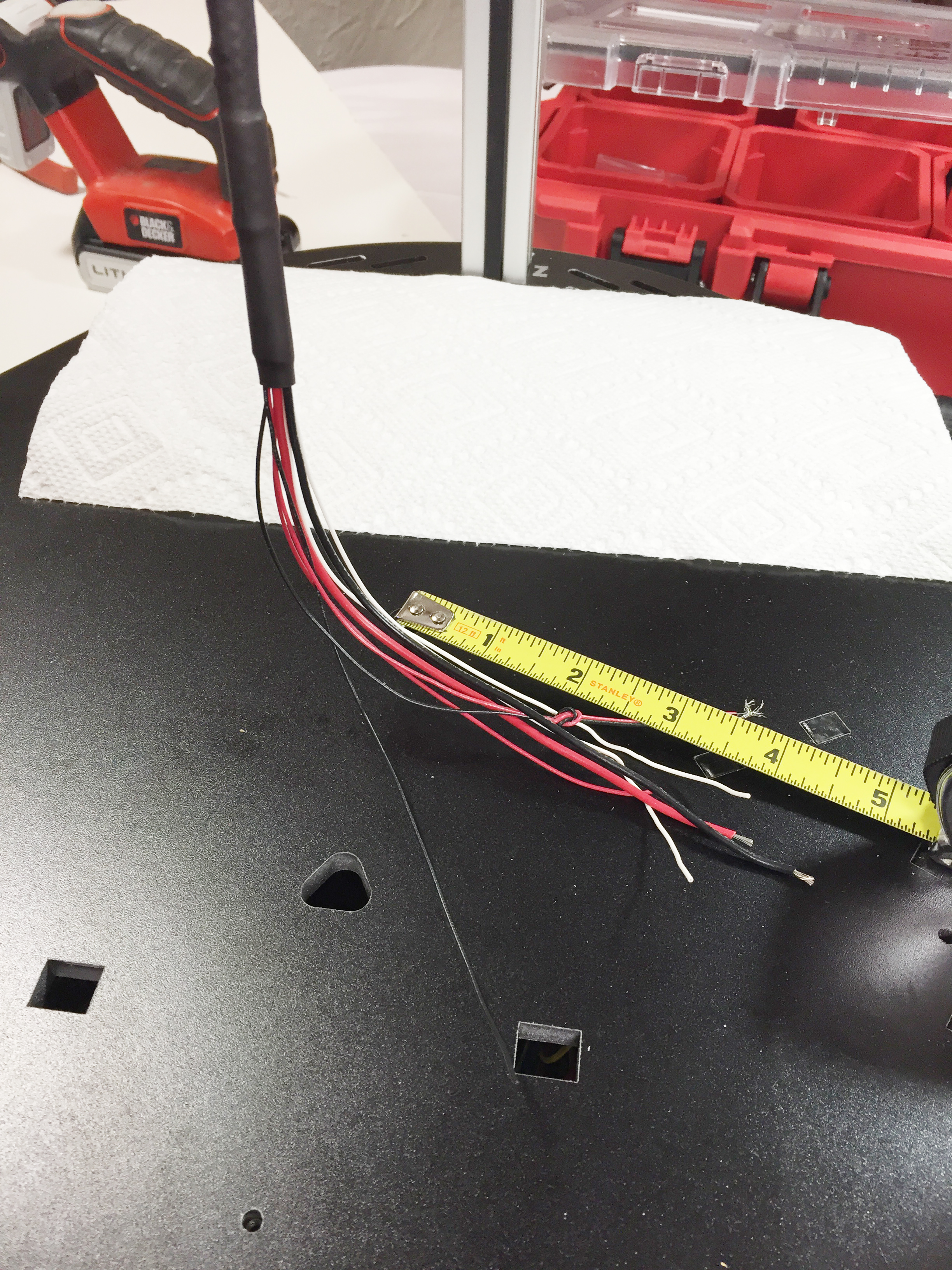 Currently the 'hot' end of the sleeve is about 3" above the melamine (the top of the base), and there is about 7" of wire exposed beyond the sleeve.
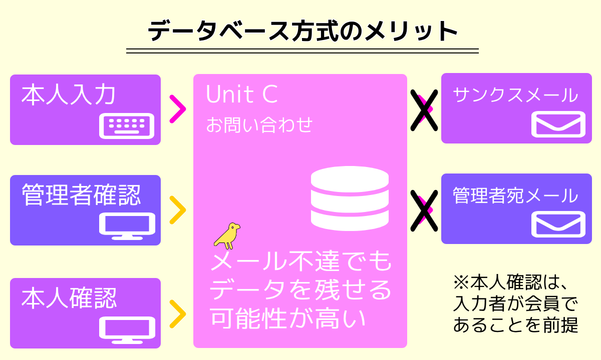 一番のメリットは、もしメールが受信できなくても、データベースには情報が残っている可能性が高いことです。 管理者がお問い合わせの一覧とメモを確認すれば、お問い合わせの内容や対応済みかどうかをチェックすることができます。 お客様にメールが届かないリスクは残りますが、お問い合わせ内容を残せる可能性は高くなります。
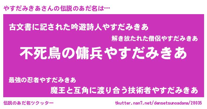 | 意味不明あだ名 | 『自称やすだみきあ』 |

====================

- _WHAT IS BEING ASKED_: The answer is the whole listing retyped exactly, with pictures omitted.

- _WRITTEN ANSWER_:
 Currently the 'hot' end of the sleeve is about 3" above the melamine (the top of the base), and there is about 7" of wire exposed beyond the sleeve.
 一番のメリットは、もしメールが受信できなくても、データベースには情報が残っている可能性が高いことです。 管理者がお問い合わせの一覧とメモを確認すれば、お問い合わせの内容や対応済みかどうかをチェックすることができます。 お客様にメールが届かないリスクは残りますが、お問い合わせ内容を残せる可能性は高くなります。
 | 意味不明あだ名 | 『自称やすだみきあ』 |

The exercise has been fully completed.